> INSTRUCTIONS FOR THE TASK: Word for word, and with pictures excluded, copy out all the records that follow.

(Recorded data)

——————

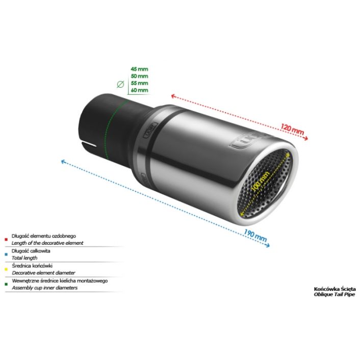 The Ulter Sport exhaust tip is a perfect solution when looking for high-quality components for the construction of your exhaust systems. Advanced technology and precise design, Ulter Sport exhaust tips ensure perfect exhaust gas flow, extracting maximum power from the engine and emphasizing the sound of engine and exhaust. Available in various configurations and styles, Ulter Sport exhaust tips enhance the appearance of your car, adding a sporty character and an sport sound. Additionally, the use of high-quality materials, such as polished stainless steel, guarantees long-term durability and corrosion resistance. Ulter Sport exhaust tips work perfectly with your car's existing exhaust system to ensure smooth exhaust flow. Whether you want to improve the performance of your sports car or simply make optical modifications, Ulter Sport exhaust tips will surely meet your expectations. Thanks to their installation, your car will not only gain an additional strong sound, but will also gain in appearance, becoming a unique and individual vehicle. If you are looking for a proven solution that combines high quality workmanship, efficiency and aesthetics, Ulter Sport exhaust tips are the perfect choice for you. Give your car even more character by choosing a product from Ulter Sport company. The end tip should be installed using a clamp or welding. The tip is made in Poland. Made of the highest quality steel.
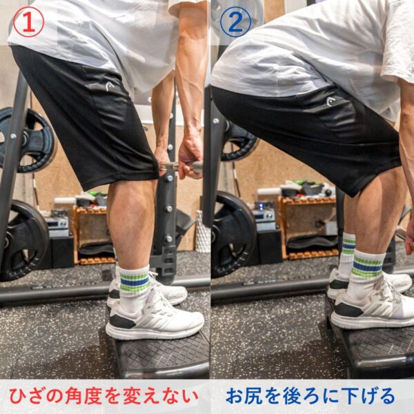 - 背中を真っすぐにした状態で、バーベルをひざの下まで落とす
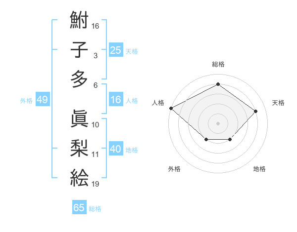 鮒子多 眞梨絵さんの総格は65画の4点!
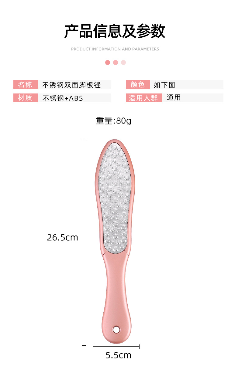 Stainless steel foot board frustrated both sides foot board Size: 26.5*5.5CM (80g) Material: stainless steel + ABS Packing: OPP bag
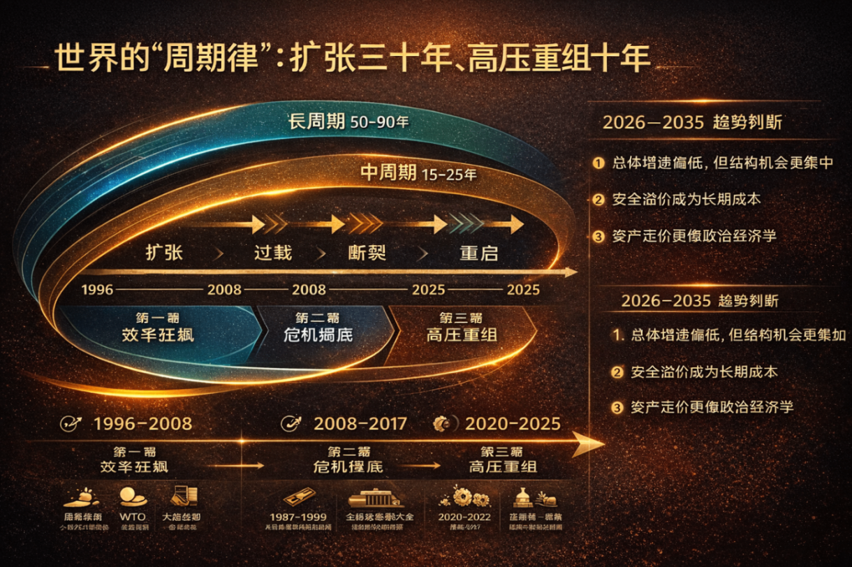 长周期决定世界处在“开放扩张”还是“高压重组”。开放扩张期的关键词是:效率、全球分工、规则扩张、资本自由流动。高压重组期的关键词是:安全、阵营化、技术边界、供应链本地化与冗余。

——————

> EXPECTED OUTPUT:
 The Ulter Sport exhaust tip is a perfect solution when looking for high-quality components for the construction of your exhaust systems. Advanced technology and precise design, Ulter Sport exhaust tips ensure perfect exhaust gas flow, extracting maximum power from the engine and emphasizing the sound of engine and exhaust. Available in various configurations and styles, Ulter Sport exhaust tips enhance the appearance of your car, adding a sporty character and an sport sound. Additionally, the use of high-quality materials, such as polished stainless steel, guarantees long-term durability and corrosion resistance. Ulter Sport exhaust tips work perfectly with your car's existing exhaust system to ensure smooth exhaust flow. Whether you want to improve the performance of your sports car or simply make optical modifications, Ulter Sport exhaust tips will surely meet your expectations. Thanks to their installation, your car will not only gain an additional strong sound, but will also gain in appearance, becoming a unique and individual vehicle. If you are looking for a proven solution that combines high quality workmanship, efficiency and aesthetics, Ulter Sport exhaust tips are the perfect choice for you. Give your car even more character by choosing a product from Ulter Sport company. The end tip should be installed using a clamp or welding. The tip is made in Poland. Made of the highest quality steel.
 - 背中を真っすぐにした状態で、バーベルをひざの下まで落とす
 鮒子多 眞梨絵さんの総格は65画の4点!
 Stainless steel foot board frustrated both sides foot board Size: 26.5*5.5CM (80g) Material: stainless steel + ABS Packing: OPP bag
 长周期决定世界处在“开放扩张”还是“高压重组”。开放扩张期的关键词是:效率、全球分工、规则扩张、资本自由流动。高压重组期的关键词是:安全、阵营化、技术边界、供应链本地化与冗余。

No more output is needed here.